Line by line, give the data again exactly as it appears, but without pictures.

****

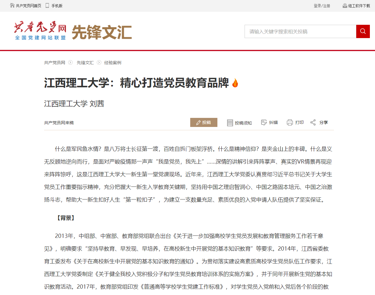 党委坚持久久为功,着力打造大学第一堂党课教育品牌,2021年结合党史学习教育,充分把握大一新生正处在人生“拔节孕穗期”,精心开展大学第一堂党课活动,有关经验做法被“新华网”“江西教育网”等媒体广泛宣传报道,并得到江西省教育系统党史学习教育简报专版推介(第65期)。
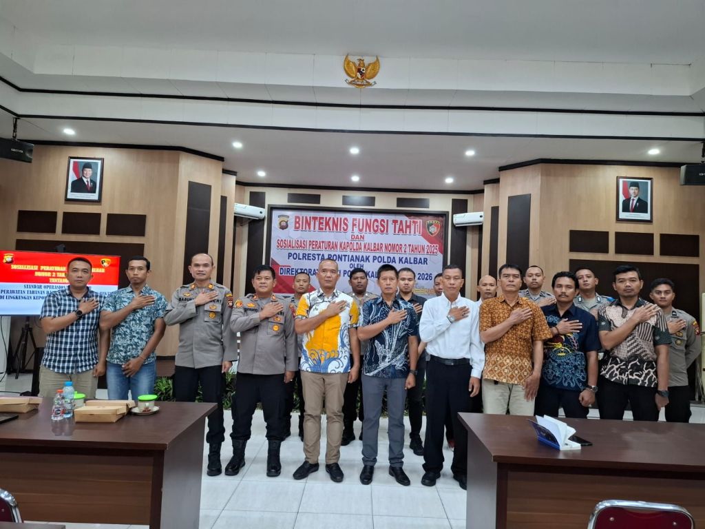 PONTIANAK,Polda Kalbar – Polresta Pontianak melalui Satuan Tahanan dan Barang Bukti (Sat Tahti) menggelar kegiatan Bimbingan Teknis (Binteknis) dan Sosialisasi Peraturan Kapolda Kalbar Nomor 2 Tahun 2025. Kegiatan tersebut dipimpin oleh Dirtahti Polda Kalbar, AKBP Muhamad Syafii, S.I.K., S.H., M.H., dan dilaksanakan pada Jumat (13/02/2026) di Aula Polresta Pontianak.
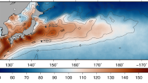 To investigate the potential contribution of the asthenosphere to the observed shallower seafloor depths, we estimate the temperature variation in the asthenosphere using shear wave speeds averaged between 30 and 150 km depth in our published seismic model23, and calculate its effect on seafloor depth assuming that isostatic equilibrium is reached by 150 km depth. Using a near-solidus dT/dVS of 0.5 K m−1) s25, where T is the temperature and VS is the seismic shear velocity, and a moderate thermal expansion coefficient of \(\alpha =3.2\times {10}^{-5}{K}^{-1}\), we find a maximum 70 m uplift of seafloor depth at around 45 km to the west of the JdF Ridge axis (Fig. 5b). This effect is small compared with the observed seafloor depth deviation (Fig. 5c, left part). Increasing the temperature variation or thermal expansion coefficient would help explain the shallow seafloor depth on the western flank, but it would lead to unrealistic greater depths on the eastern flank (Fig. 5c, right part). In addition, the distance trend of the average VS (and the predicted effect on seafloor depth) follows a “U” shape (Fig. 5a, b), which is inconsistent with the approximately flat trend observed in the seafloor depth residual (Fig. 1c). Therefore, we suggest the asthenospheric effect to be secondary to the lithospheric thermal variation near the JdF Ridge, in contrast to the East Pacific Rise, where the seafloor elevation effect of asthenospheric buoyancy was estimated to be around 10 times larger than that of the lithospheric thermal expansion11.
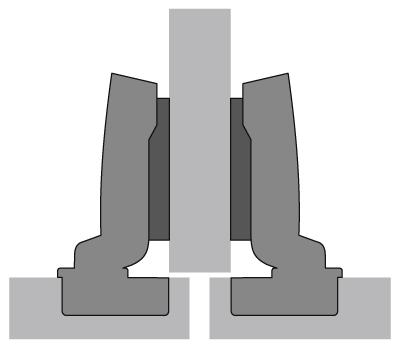 Naložené provedení nábytkového pantu/závěsu vypadá takto: dvoje dvířka jsou před mezistěnou skřínky, potřebná mezera se nachází mezi nimi.
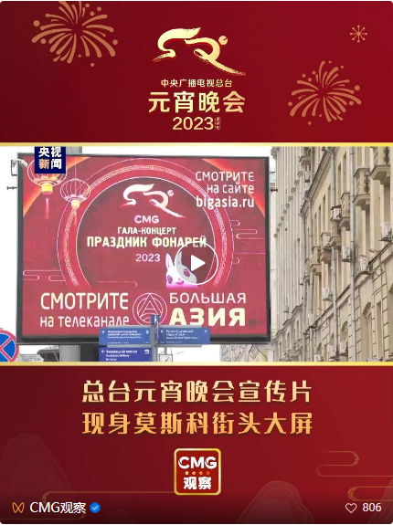自2月3日起,在位于莫斯科中央行政區的法捷耶夫街、祖博夫斯基廣場、帕維列茨車站等街區,總臺春晚吉祥物“兔圓圓”在70塊街頭大屏幕上歡騰悅動,向莫斯科居民展示總臺2023年元宵晚會宣傳片。
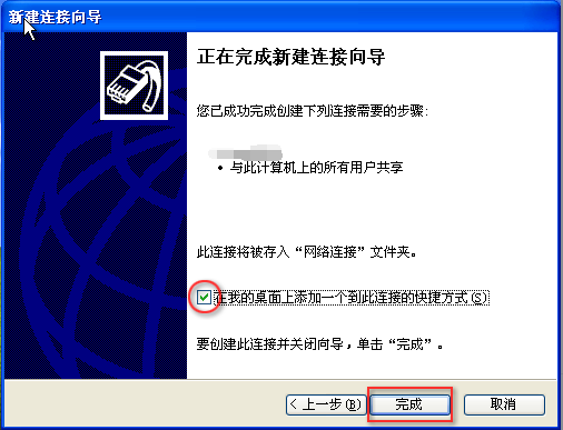 第八步,勾选“在我的桌面上添加一个到此连接的快捷方式”,方便以后直接从桌面打开进行使用,点击“完成”;
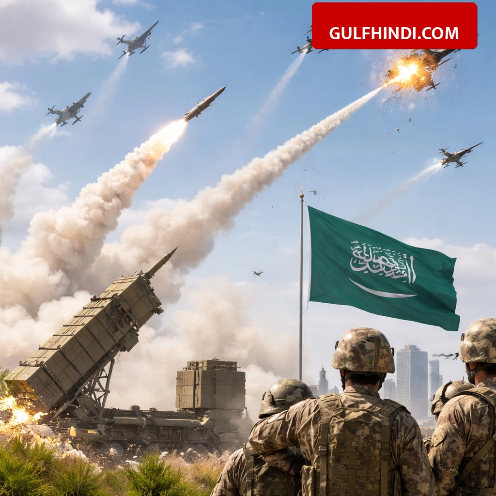 2 अप्रैल की सुबह सऊदी अरब और खाड़ी क्षेत्र के अन्य देशों में तनाव की स्थिति देखी गई। सऊदी अरब के रक्षा मंत्रालय ने जानकारी दी कि उन्होंने ईरान की तरफ से दागे गए एक बैलिस्टिक मिसाइल और एक ड्रोन को हवा में ही नष्ट कर दिया है। यह कार्रवाई पूर्वी क्षेत्र की सुरक्षा के लिए की गई, जहां मिसाइल का मलबा गिरने की वजह से एक सड़क को कुछ समय के लिए बंद करना पड़ा। फिलहाल सुरक्षा बल स्थिति पर पूरी तरह नजर बनाए हुए हैं।
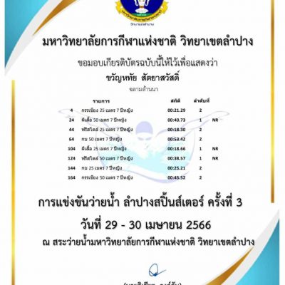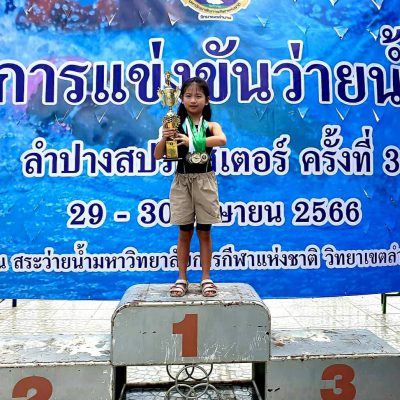 ขอแสดงความยินดีกับ เด็กหญิงขวัญหทัย สัตยาสวัสดิ์(ขวัญ) ชั้น ป.2/1 ได้รับรางวัล 3 เหรียญทอง(ท่าฟรีสไตล์ 50 เมตร ท่าผีเสื้อ 50 เมตร และท่าผีเสื้อ 25 เมตร) 5 เหรียญเงิน(ท่ากบ 25 เมตร ท่ากบ 50 เมตร ท่่าฟรีสไตล์ 25 เมตร ท่ากรรเชียง 25 เมตร และกรรเชียง 50 เมตร)ลงแข่ง 8 รายการ รุ่นอายุ 7 ปี รายการแข่งขันว่ายน้ำ “ลำปางสปิ้นส์เตอร์” ครั้งที่ 3 ประจำปี 2566 จัดโดย มหาวิทยาลัยการกีฬาแห่งชาติ วิทยาเขตลำปาง วันที่ 29 – 30 เมษายน 2566

****

RESULT OF THE EXERCISE:
 党委坚持久久为功,着力打造大学第一堂党课教育品牌,2021年结合党史学习教育,充分把握大一新生正处在人生“拔节孕穗期”,精心开展大学第一堂党课活动,有关经验做法被“新华网”“江西教育网”等媒体广泛宣传报道,并得到江西省教育系统党史学习教育简报专版推介(第65期)。
 PONTIANAK,Polda Kalbar – Polresta Pontianak melalui Satuan Tahanan dan Barang Bukti (Sat Tahti) menggelar kegiatan Bimbingan Teknis (Binteknis) dan Sosialisasi Peraturan Kapolda Kalbar Nomor 2 Tahun 2025. Kegiatan tersebut dipimpin oleh Dirtahti Polda Kalbar, AKBP Muhamad Syafii, S.I.K., S.H., M.H., dan dilaksanakan pada Jumat (13/02/2026) di Aula Polresta Pontianak.
 To investigate the potential contribution of the asthenosphere to the observed shallower seafloor depths, we estimate the temperature variation in the asthenosphere using shear wave speeds averaged between 30 and 150 km depth in our published seismic model23, and calculate its effect on seafloor depth assuming that isostatic equilibrium is reached by 150 km depth. Using a near-solidus dT/dVS of 0.5 K m−1) s25, where T is the temperature and VS is the seismic shear velocity, and a moderate thermal expansion coefficient of \(\alpha =3.2\times {10}^{-5}{K}^{-1}\), we find a maximum 70 m uplift of seafloor depth at around 45 km to the west of the JdF Ridge axis (Fig. 5b). This effect is small compared with the observed seafloor depth deviation (Fig. 5c, left part). Increasing the temperature variation or thermal expansion coefficient would help explain the shallow seafloor depth on the western flank, but it would lead to unrealistic greater depths on the eastern flank (Fig. 5c, right part). In addition, the distance trend of the average VS (and the predicted effect on seafloor depth) follows a “U” shape (Fig. 5a, b), which is inconsistent with the approximately flat trend observed in the seafloor depth residual (Fig. 1c). Therefore, we suggest the asthenospheric effect to be secondary to the lithospheric thermal variation near the JdF Ridge, in contrast to the East Pacific Rise, where the seafloor elevation effect of asthenospheric buoyancy was estimated to be around 10 times larger than that of the lithospheric thermal expansion11.
 Naložené provedení nábytkového pantu/závěsu vypadá takto: dvoje dvířka jsou před mezistěnou skřínky, potřebná mezera se nachází mezi nimi.
自2月3日起,在位于莫斯科中央行政區的法捷耶夫街、祖博夫斯基廣場、帕維列茨車站等街區,總臺春晚吉祥物“兔圓圓”在70塊街頭大屏幕上歡騰悅動,向莫斯科居民展示總臺2023年元宵晚會宣傳片。
 第八步,勾选“在我的桌面上添加一个到此连接的快捷方式”,方便以后直接从桌面打开进行使用,点击“完成”;
 2 अप्रैल की सुबह सऊदी अरब और खाड़ी क्षेत्र के अन्य देशों में तनाव की स्थिति देखी गई। सऊदी अरब के रक्षा मंत्रालय ने जानकारी दी कि उन्होंने ईरान की तरफ से दागे गए एक बैलिस्टिक मिसाइल और एक ड्रोन को हवा में ही नष्ट कर दिया है। यह कार्रवाई पूर्वी क्षेत्र की सुरक्षा के लिए की गई, जहां मिसाइल का मलबा गिरने की वजह से एक सड़क को कुछ समय के लिए बंद करना पड़ा। फिलहाल सुरक्षा बल स्थिति पर पूरी तरह नजर बनाए हुए हैं।
 ขอแสดงความยินดีกับ เด็กหญิงขวัญหทัย สัตยาสวัสดิ์(ขวัญ) ชั้น ป.2/1 ได้รับรางวัล 3 เหรียญทอง(ท่าฟรีสไตล์ 50 เมตร ท่าผีเสื้อ 50 เมตร และท่าผีเสื้อ 25 เมตร) 5 เหรียญเงิน(ท่ากบ 25 เมตร ท่ากบ 50 เมตร ท่่าฟรีสไตล์ 25 เมตร ท่ากรรเชียง 25 เมตร และกรรเชียง 50 เมตร)ลงแข่ง 8 รายการ รุ่นอายุ 7 ปี รายการแข่งขันว่ายน้ำ “ลำปางสปิ้นส์เตอร์” ครั้งที่ 3 ประจำปี 2566 จัดโดย มหาวิทยาลัยการกีฬาแห่งชาติ วิทยาเขตลำปาง วันที่ 29 – 30 เมษายน 2566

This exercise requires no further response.